Task instructions:
Transcribe the listing that follows in full, omitting pictures.

Provided data:
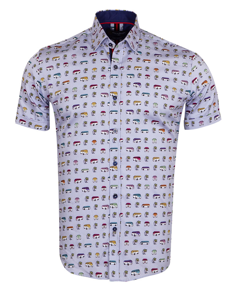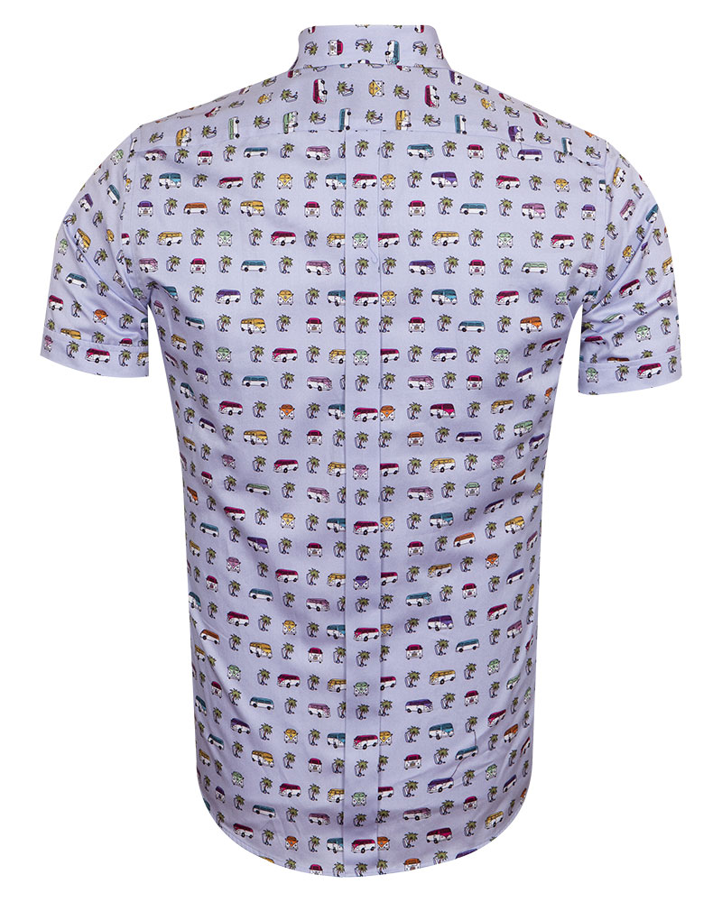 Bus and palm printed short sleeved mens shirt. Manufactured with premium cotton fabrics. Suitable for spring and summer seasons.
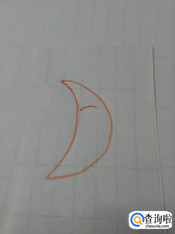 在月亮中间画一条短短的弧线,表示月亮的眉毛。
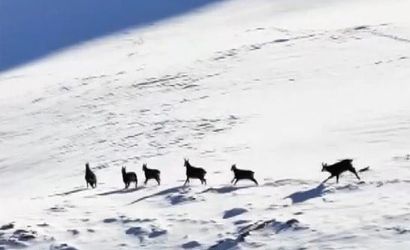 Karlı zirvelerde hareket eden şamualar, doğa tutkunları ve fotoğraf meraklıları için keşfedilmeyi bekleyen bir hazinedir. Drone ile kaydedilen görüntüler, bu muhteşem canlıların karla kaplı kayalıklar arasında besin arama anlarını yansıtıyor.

Answer section:
 Bus and palm printed short sleeved mens shirt. Manufactured with premium cotton fabrics. Suitable for spring and summer seasons.
 在月亮中间画一条短短的弧线,表示月亮的眉毛。
 Karlı zirvelerde hareket eden şamualar, doğa tutkunları ve fotoğraf meraklıları için keşfedilmeyi bekleyen bir hazinedir. Drone ile kaydedilen görüntüler, bu muhteşem canlıların karla kaplı kayalıklar arasında besin arama anlarını yansıtıyor.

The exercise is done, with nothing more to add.